Chapitre 510/68475%~13 min de lecture2 543 mots

La terre est sèche. Cela veut dire qu'elle ne les a pas arrosés de la journée.

Sedina chérissait assez ces plantes pour venir au bureau de l'assistant le matin rien que pour les arroser.

Même les jours chargés, elle n'a jamais manqué une seule fois de venir à l'aube pour s'occuper des pots.

L'écarter comme un simple oubli serait impossible — le poids de sa régularité était différent.

Quelqu'un qui traînait les pieds en s'excusant quoi qu'il arrive, soudainement absente sans un mot ?

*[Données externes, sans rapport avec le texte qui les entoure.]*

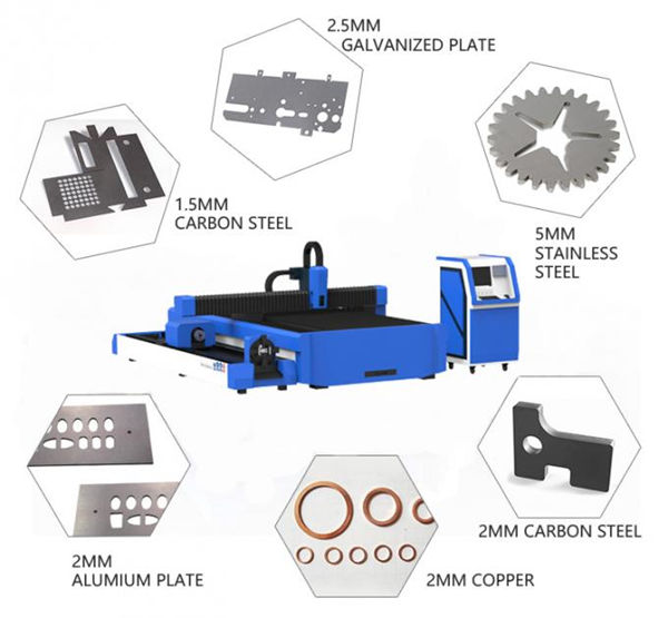 * خاص طور پر 0.5-6 ملی میٹر کاربن اسٹیل ، 0.5-5 ملی میٹر اسٹینلیس سٹیل ، جستی سٹیل ، الیکٹرویلیٹک زنک لیپت اسٹیل شیٹ ، سلکان اسٹیل اور دیگر اقسام کی پتلی دھات کی چادریں کاٹنے کے لئے استعمال کیا جاتا ہے۔ 1000W 3 ملی میٹر ایلومینیم اور 2 ملی میٹر تانبے کاٹا سکتا ہے۔

Ludger se souvint soudain de la conversation qu'avaient eue les autres professeurs à la cantine plus tôt dans la journée.

Il regarda par la fenêtre.

Sur les terrains paisibles de Seorn, les étudiants marchaient sous le soleil chaud.

C'était le même paysage qu'à l'accoutumée, mais aujourd'hui, il lui semblait étrangement déplacé.

D'abord, retrouver Sedina était la priorité.

Alors que Ludger ouvrait la porte du bureau des professeurs avec cette pensée en tête, il tomba sur une étudiante sur le point d'entrer.

« Julia ? Qu'est-ce qui t'amène ici ? »

« Sedina n'est pas venue aujourd'hui. Je me suis dit qu'il lui était peut-être arrivé quelque chose, alors je suis venue demander... Est-elle là ? »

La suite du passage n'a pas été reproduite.